At the time of this merger, the fuel prices were sky-rocketing. Many airlines found flying their carriers more expensive than they expected. For instance, in 2008 the jet fuel prices were up by 55%. This compounded to nearly 6% increase in the flight fare. Many airlines such as ATA had filed bankruptcy covers. Furthermore, other airlines were busy considering cancelling their scheduled flights. Some airlines had already stopped their operations while others had their plans to stop underway. For example, Aloha Airlines ceased planned flights just a month before the two airliners announced their merger deal. These factors are real indicators of very hard economic times. This merger was therefore inevitable for the economic survival of the two airline companies.
Delta and Northwest airline companies had an intention of monopolizing the US air travel industry. By coming together, they would have more bargain power. They expected the merger to reduce competition in this industry. In consumer economics, the higher the competition in the market the more options the consumers have. Therefore, this reduction in competition is not for the benefit of the passengers. This reduced competition left their passengers with few options and had to go for their increased flight charges. They wanted to monopolize the air travel business in US. This would in turn boost their net income and eventually help them recover the losses they made prior to the merger. For instance, the two airlines projected combined annual revenue of $ 35 billion. This merger gave Delta and Northwest airlines more advantages than their counterparts operating on their own.

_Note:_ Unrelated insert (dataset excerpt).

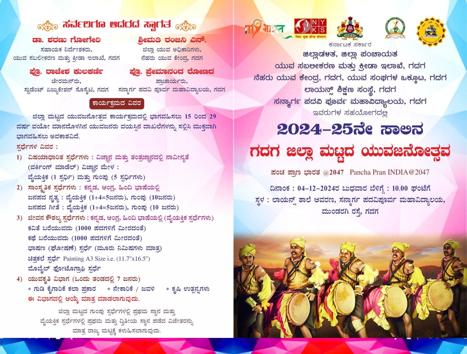 ಗದಗ : ಕರ್ನಾಟಕ ಸರ್ಕಾರ, ಜಿಲ್ಲಾಡಳಿತ, ಜಿಲ್ಲಾ ಪಂಚಾಯತ್, ಯುವ ಸಬಲೀಕರಣ ಮತ್ತು ಕ್ರೀಡಾ ಇಲಾಖೆ, ಗದಗ, ನೆಹರು ಯುವ ಕೇಂದ್ರ, ಗದಗ ಯುವ ಸಂಘಗಳ ಒಕ್ಕೂಟ, ಗದಗ, ಲಾಯನ್ಸ್ ಶಿಕ್ಷಣ ಸಂಸ್ಥೆ, ಸನ್ಮಾರ್ಗ ಪದವಿ ಪೂರ್ವ ಮಹಾವಿದ್ಯಾಲಯಗಳ ಸಂಯುಕ್ತ ಆಶ್ರಯದಲ್ಲಿ ೨೦೨೪-೨೫ ನೇ ಸಾಲಿನ ಜಿಲ್ಲಾ ಮಟ್ಟದ ಯುವ ಜನೋತ್ಸವವನ್ನು ದಿ : ೦೪/೧೨/೨೦೨೪ ರ ಬುಧವಾರ ಬೆಳಿಗ್ಗೆ ೧೦.೦೦ ಗಂಟೆಗೆ ಲಾಯನ್ಸ್ ಶಾಲೆ ಆವರಣ, ಸನ್ಮಾರ್ಗ ಪದವಿ ಪೂರ್ವ ಮಹಾವಿದ್ಯಾಲಯ, ಮುಂಡರಗಿ ರಸ್ತೆ, ಗದಗದಲ್ಲಿ ಜರುಗಿಸಲು ನಿರ್ಧರಿಸಲಾಗಿದೆ.

Delta and Northwest aimed at reducing their operational costs through this merger. They planned to eliminate hubs that had overlapping flights from the two companies. Before its fall, the merger successfully combined efforts and magnified flight operations in hubs like Detroit, Memphis and Atlanta. The two airliners had plans to double the number of their daily flights within a year. Indeed, the daily flight at Delta hub rose to 673. This was more than a double considering their previous statistics. On the other hand, this killed some hubs such as Cincinnati that used to shine before. In doing so, some employees had to lose their jobs. Investors also pulled out of the city, and this caused more harm to the economy.
In conclusion, mergers make companies maximize their financial base, increase profitability and reduce losses. However, the merger puts the consumers in tight economic situations as they have little or no option apart from the companies that come together. This shows that mergers are beneficial to the companies especially during hard economic times, but a disadvantage to the consumers. Apart from the consumers, such mergers can impact negatively on the employees of the companies coming together. Some mergers have led to retrenchment of many workers rendering them jobless.
Reference
Fleming, S. (2010). Airline Mergers: Issues Raised by the Proposed Merger of United and
Continental Airlines: Congressional Testimony. Washington DC: DIANE Publishing.